Maybe it is easier to give you an code example from me. I am trying to sort an array of TreeNodes and the first few lines of my comparator looks like:

int compareTreeNode(const void* tt1, const void* tt2) {
   const TreeNode *t1, *t2;
   t1=*(const TreeNode**)tt1;
   t2=*(const TreeNode**)tt2;

After that you do your comparison using t1 and t2.

Upvotes: 1

linuxstack
linuxstack

Reputation: 777

@bodacydo here is a program that may explain what other programmers are trying to convey but this would be in context of "integers"

#include <stdio.h>


int main()
{
    int i , j;
    int *x[2] = {&i, &j};

    i = 10; j = 20;

    printf("in main() address of i = %p, address of j = %p \r\n", &i, &j);

    fun(x);
    fun(x + 1);

    return 0;
}


void fun(int **ptr)
{
    printf("value(it would be an address) of decayed element received = %p, double dereferenced value is %d \r\n",*ptr, **ptr);
    printf("the decayed value can also be printed as *(int **)ptr = %p \r\n", *(int **)ptr );
}

Upvotes: 0

R.. GitHub STOP HELPING ICE
R.. GitHub STOP HELPING ICE

Reputation: 215257

The comparison function takes pointers to the type of object that's in the array you want to sort. Since the array contains char *, your comparison function takes pointers to char *, aka char **.

Upvotes: 2

Steve Jessop
Steve Jessop

Reputation: 279255

If it helps keep things straight in your head, the type that you should cast the pointers to in your comparator is the same as the original type of the data pointer you pass into qsort (that the qsort docs call base).
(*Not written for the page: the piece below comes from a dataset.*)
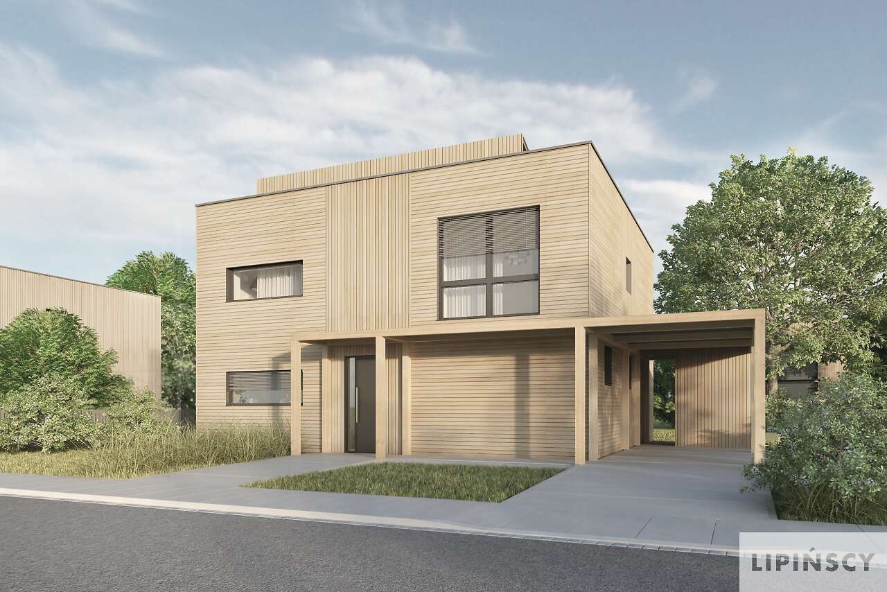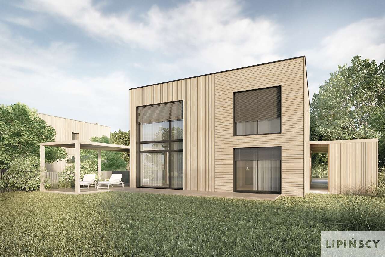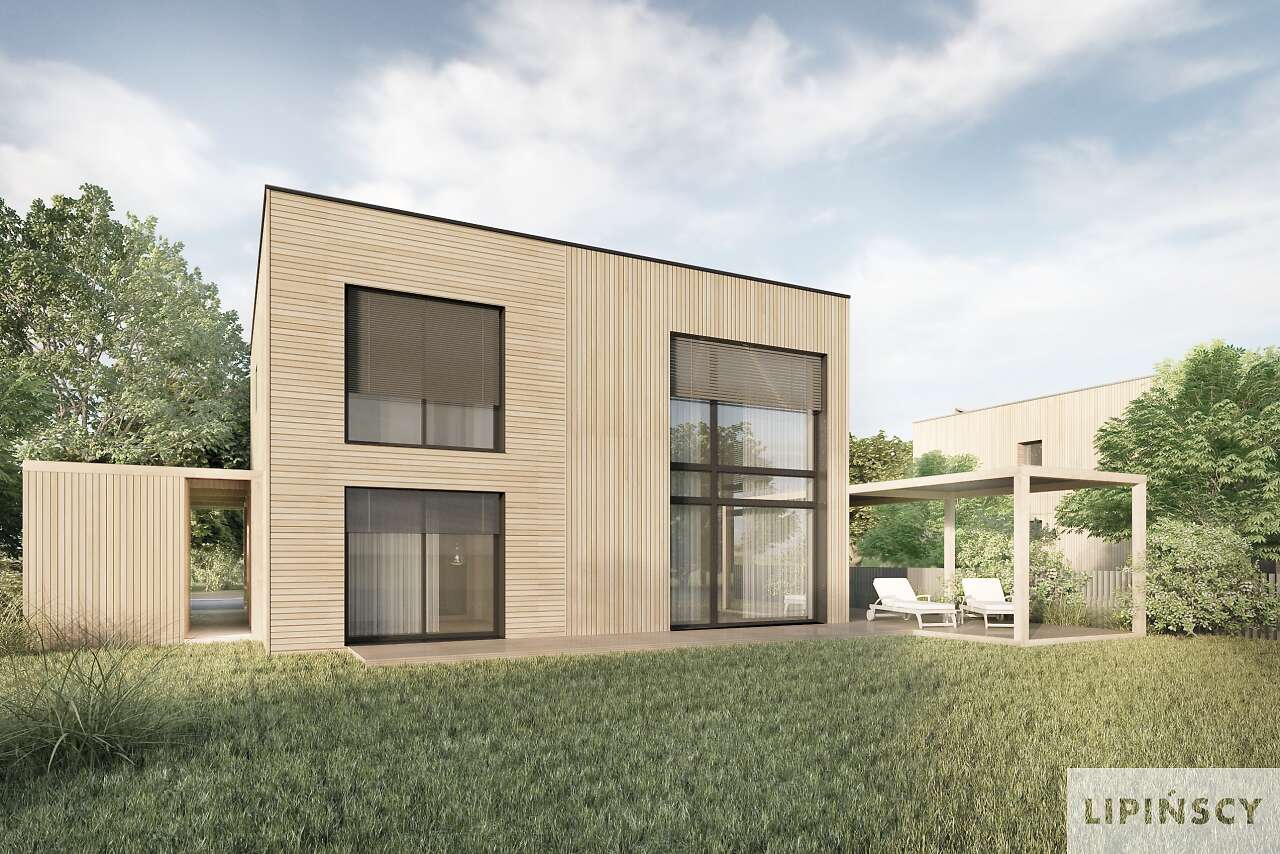 W tym domu wg projektu przyjęty jest tynk mineralny imitujący drewno. Prosimy o kontakt na biuro@lipinscy.pl w sprawie informacji dotyczących parametrów energetycznych.

But for qsort to be generic, it just handles everything as void*, regardless of what it "really" is.

So, if you're sorting an array of ints, then you will pass in an int* (converted to void*). qsort will give you back two void* pointers to the comparator, which you convert to int*, and dereference to get the int values that you actually compare.

Now replace int with char*:

if you're sorting an array of char*, then you will pass in a char** (converted to void*). qsort will give you back two void* pointers to the comparator, which you convert to char**, and dereference to get the char* values you actually compare.

In your example, because you're using an array, the char** that you pass in is the result of the array of char* "decaying" to a pointer to its first element. Since the first element is a char*, a pointer to it is a char**.

Upvotes: 26

Billy ONeal
Billy ONeal

Reputation: 106549

char *data[5] = { "boda", "cydo", "washington", "dc", "obama" };

is a statement asking the compiler for an array of size 5 of character pointers. You have initialized those pointers to string literals, but to the compiler, it's still an array of five pointers.

When you pass that array into qsort, the array of pointers decays into a pointer pointing to the first element, in accordance with C array parameter passing rules.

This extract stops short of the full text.